Singer’s father, a German immigrant millwright, and mother, divorced when he was 10. Singer was unhappy living with his father’s new wife, and ran away when he was 12. He ended up living with his brother, and who apprenticed him in the machine shop he had established in Rochester, N.Y.

Singer worked a mechanic and machinist in several New York towns; married his first wife in 1830, and eventually made his way to New York City in 1835 with his wife and first child.

Singer had bigger dreams; he saw himself as a great actor, became the agent for an acting company, touring the eastern seaboard. In Baltimore, he met Mary Ann Sponsler, and brought her back to New York. He had a son with her, but neglected to inform either his wife (with whom he had another daughter) or mistress that he had two families. When he was discovered, he fled to Chicago and worked on the Illinois and Michigan Canal.

While working on the canal, Singer invented a rock-drilling machine, and sold his patent to company building the canal for $2,000; it was enough money to finance a return to acting.

He formed an acting company, brought Mary Ann into the troupe, and they performed as Mr. and Mrs. Isaac Merritt (though he was still married to his first wife). The acting company toured for five years before failing. He moved back to New York with Mary Ann and their eight children.

After being asked to fix some sewing machines, Singer patented his improved version in 1851. It was faster, easier, and less expensive to operate, but the sewing machine market was littered with failed and failing companies with overlapping and competing patents.

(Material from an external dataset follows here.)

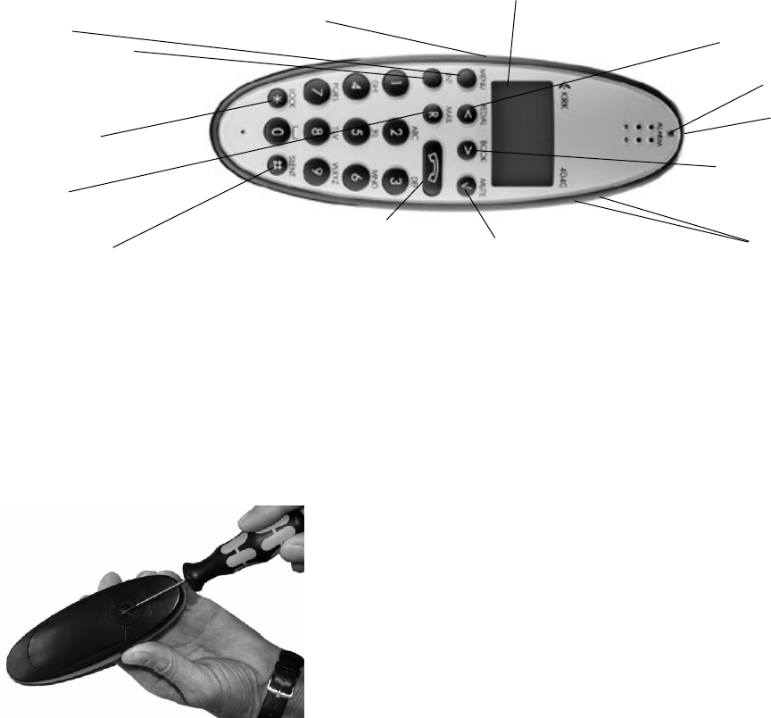 The battery is connected to the handset when it is shipped from the factory. T o change the battery you must uns -

And the market was resistant. Very resistant, the first working sewing machine was built by French tailor Barthelemy Thimmonier in 1830; enraged tailors burned his shop and almost killed him for threatening their profession.

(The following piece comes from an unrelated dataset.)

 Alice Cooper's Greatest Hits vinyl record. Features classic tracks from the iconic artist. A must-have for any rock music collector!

But the patent war initiated by Elias Howe, who received the first U.S. patent for a sewing machine in 1846, prevented any of five major companies from successfully growing. Howe and Singer resolved their dispute in 1854; and in 1856, the companies all decided to pool their patents and allow licensing.

With patents were resolved, Singer, and his partner, Edward Clark, rethought the sewing market. They adopted the mass production techniques of Samuel Colt; made smaller machines that could be used at home, priced at $10; and finally introduced installment sales plans.

The I.M. Singer and Company opened a plant in Scotland, and began selling machines around the world. By 1860, he was financially secure. He divorced his first wife on the grounds of her adultery, and moved into a Fifth Avenue mansion with Mary Ann. He was the father of 18 children by four different women. But in 1862, when Mary Ann discovered the extent of his philandering, she had him arrested for bigamy. He fled to London. He died in England in 1875.

The I.M. Singer & Co. was reorganized and renamed the Singer Sewing Machine Company in 1865. The company continues to make sewing machines, and other consumer products, and is now based in La Vergne, Tennessee. It is a subsidiary of SVP Worldwide and owned by the private equity group Kohlberg & company.